In mainstream manufacturing, 3D printing has had most success with prosthetics, dental work and hearing aids which can all be made from plastic or pliable materials, and often require to be customised to meet patients’ needs. “This has also been achieved by our researchers from National Dental Centre Singapore and Nanyang Technological University, who developed a 3D printed scaffold to grow bone for placing dental implants after a tooth has been extracted. With this, the need for painful bone grafting from other parts of the patient’s body is avoided,” Amrin Amin said.
For continued innovation and adoption of 3D printing, collaborations with different sectors are necessary. Since its formation in 2015, the National Additive Manufacturing Innovation Cluster (NAMIC) has actively engaged more than 500 companies and institutions locally and globally.

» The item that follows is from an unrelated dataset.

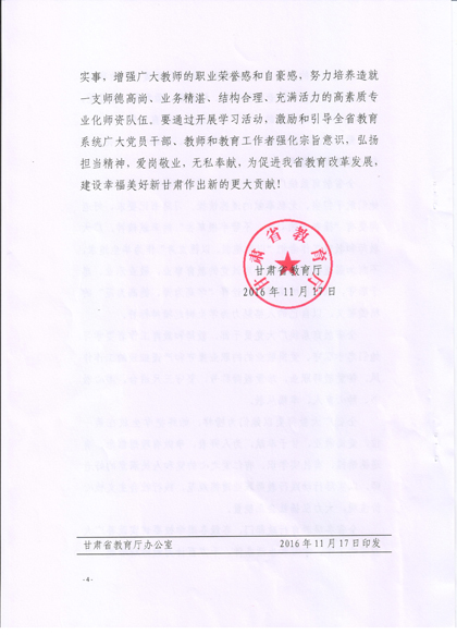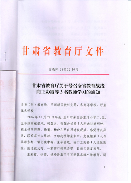 現(xiàn)將《甘肅省教育廳關(guān)于號召全省教育戰(zhàn)線向王彩霞等3名教師學(xué)習(xí)的通知》復(fù)印給你們,請認(rèn)真組織所屬教職工學(xué)習(xí)王彩霞、徐菊 、楊玲3名教師愛崗敬業(yè)、無私奉獻(xiàn)、愛心救人的先進(jìn)事跡。積極在院團(tuán)委、系團(tuán)總支,輔導(dǎo)員和班主任等學(xué)生管理隊(duì)伍中展開學(xué)習(xí)研討活動,深入踐行社會主義核心價(jià)值觀,切實(shí)加強(qiáng)學(xué)院意識形態(tài)領(lǐng)域工作,唱響主旋律,大力弘揚(yáng)正能量。

Likewise, the new NUS Centre for Additive Manufacturing (AM.NUS) aims to serve a wide spectrum of industry players, including SMEs and MNCs. The Centre will apply ground-breaking additive manufacturing technology, in particular within the biomedical and healthcare fields. Today’s signing of the Memorandum of Understanding (MOU) between AM.NUS and its industry partners will help accelerate the adoption of 3D printing in the local industry. AM.NUS’ specific focus on healthcare applications further aims to bring the latest in innovative technology to clinicians, with the aim of improving patient outcomes. Importantly, the collaboration will bring together industry, clinicians, hospitals, engineers and designers to tackle complex healthcare issues.
Amrin Amin said “I wish NAMIC, AM.NUS and industry partners continued success in advancing the field of 3D printing and promoting its adoption in local enterprises. We look forward to the developments of 3D printing in healthcare and the exciting possibilities in meeting patients’ needs.”
Dignitaries witnessing the signing of MoU between National University of Singapore Centre for Additive Manufacturing (AM.NUS) and industry partners on July 21 in Singapore.